Kaplan-Meier survival curves were used to visually compare the survival experience of subjects stratified by tumor size, tumor histology, and TNM classification. For the lung cancer mortality analysis, patients who died of other causes were also considered right censored. Mantel-Cox log-rank tests were used to compare survival among the strata.

Cox proportional hazards multivariable models were used to identify additional predictor variables of lung cancer mortality. For all predictor variables, the proportional hazards assumption was assessed using time-dependent covariates to represent the interactions of the original covariates and time and by graphical analysis of the log–log survivor plot (10). Both tumor histology and tumor size exhibited a lack of proportionality in the hazard ratios. For this reason, the models were stratified by tumor size and histology (i.e., 12 strata, 6 tumor sizes by 2 histology types). From the stratified model, we derived estimates of the adjusted hazard ratios by pooling information across the strata. Variables were entered into a backward stepwise analysis using P values of 0.20 for entry and 0.05 for removal. Adjusted hazard ratios with 95% confidence intervals (CIs) were calculated for each significant variable from the final stepwise model. For comparison, unadjusted hazard ratios with 95% CIs were calculated for each candidate variable using univariate Cox analyses to assess the impact of the adjustment.

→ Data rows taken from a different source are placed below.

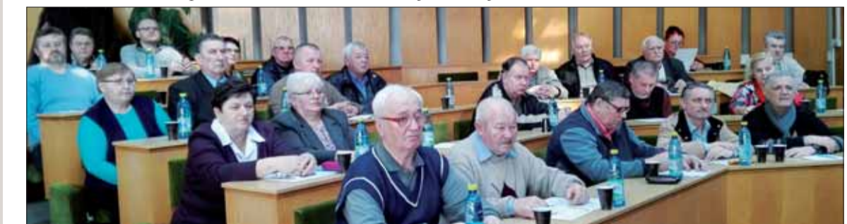
Pohľad do trebišovského pléna.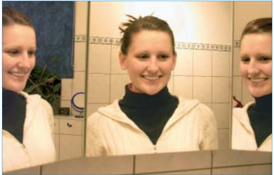
Übungen zur Aktivierungen der Gesichtsmuskulatur – das schönste Lächeln gehört ganz besonders dazu

Das so genannte Hausübungsprogramm sollte nicht zu umfangreich und mit dem Arzt abgestimmt sein.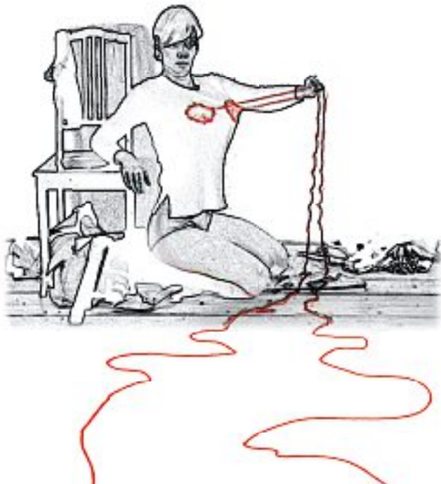
Lessons I Learned from Rocky I to Rocky III, 2003 Videostill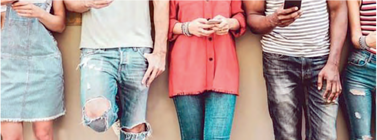
Nos EUA, há vários sites para quem quer buscar parceiros para ter filhodesem vínculo amoroso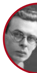
Friedrich Nietzsche (1844-1900)

"Por muito lentamente que nos pareça que passam as horas, parecer-nos-ão curtas se reflectirmos que não voltarão a passar."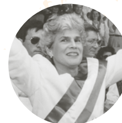
Violeta Barrios Torres o Violeta Chamorro, primera mujer elegida jefa de Estado en Latinoamérica por votación popular. Nicaragua, 1990.

Fuentes: El país de España, BBC mundo, El Espectador , The New York Times .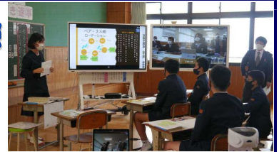
[徳之島町立母間小学校での公開授業]

今年度は、以下の学校が時代の要請や学校の実態等を踏まえながら研究を深め、その成果を公開しました。概要は、大島教育事務所のホームページに掲載していますので、ぜひ、各学校の今後の取組の参考にしていただければ幸いです。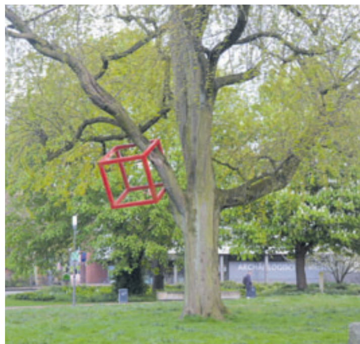
Die CDU möchte, dass das hängende Kunstwerk in den Besitz des Bezirkes übergeht.

Ein von ihm eingebrachter Antrag bittet den Vorsitzenden der Bezirksversammlung, sich mit dem Künstler Hans-Dieter Schrader in Verbindung zu setzen, um abzuklären, zu welchen Bedingungen das auf der Krokuswiese angebrachte Kunstwerk endgültig dem Bezirk überlassen und zur Erweiterung des Kunstpfades einbezogen werden könnte.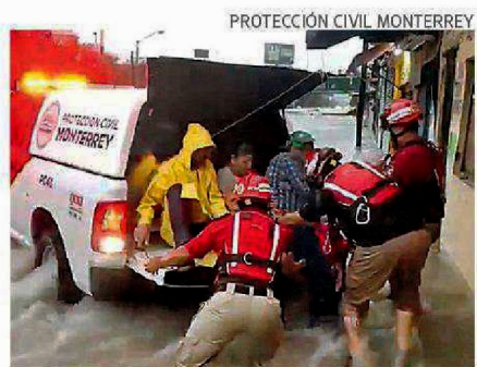
PROTECCIÓN CIVIL MONTERREY

El Departamento de Comercio de Estados Unidos decidió preliminarmente que algún acero estructural proveniente de China y México viola las leyes antidumping del país. Por ello, impuso aranceles de hasta 141 por ciento al acero estructural chino y de hasta 31 por ciento al mexicano. Las autoridades anunciarán su determinación final a más tardar el 24 de enero de 2020. Se han iniciado 182 nuevas indagatorias antidumping en la administración de Trump. Pág. 20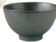
456-F066 茶漬碗 φ13 × 7.8cm 820 円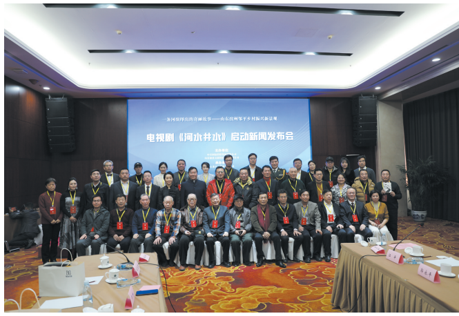
黛溪街道老西门文旅项目电视剧《河水井水》启动。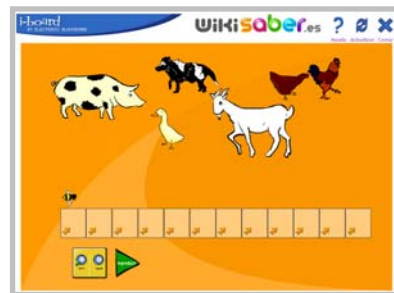
SONIDOS DE ANIMALES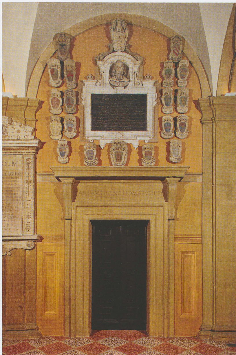
Fig. 8 - Monumento Beati dopo l'intervento di ritocco realizzato nel 2008 in una foto, num. id. 7227 ter, scattata il 5 novembre 2008.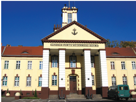
Część wejściowa do gmachu dawnego Dowództwa Floty z lat 20. XX w. na Oksywiu.

więcej osób, wejścia były podwójne a nawet potrójne. Potrójne wejścia budowano w ważnych budynkach publicznych, w tym w dużych świątyniach. Potrójne wejścia w prostych żelbetowych ramach, nawiązujące do portali historycznych katedr mamy np. w kilku gdyńskich kościołach modernistycznych.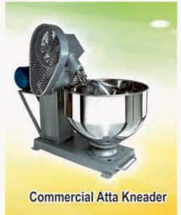
Commercial Atta Kneader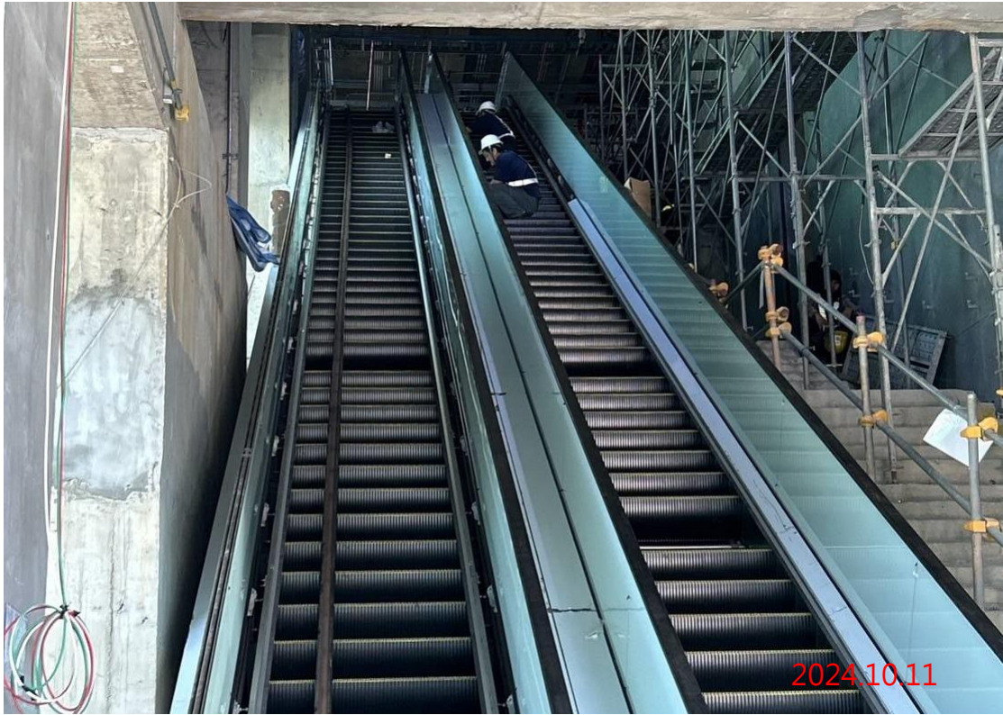
G13 站 1 號 2 號電扶梯玻璃扶手帶安裝作業

Mantel-Cox log-rank statistics were used to determine which alternative classification scheme provided the best survival assessment. The methods of classification compared were the conventional TNM staging system, staging using precise tumor size (6 strata), or staging using precise tumor size and histology (12 strata).

The associations between the covariates used in the Cox model and the Kaplan-Meier stratification variables were evaluated using a correlation matrix that contained Pearson product moment correlation coefficients for continuous data and phi coefficients (interpreted as correlation coefficients) for categorical data to identify highly associated variables.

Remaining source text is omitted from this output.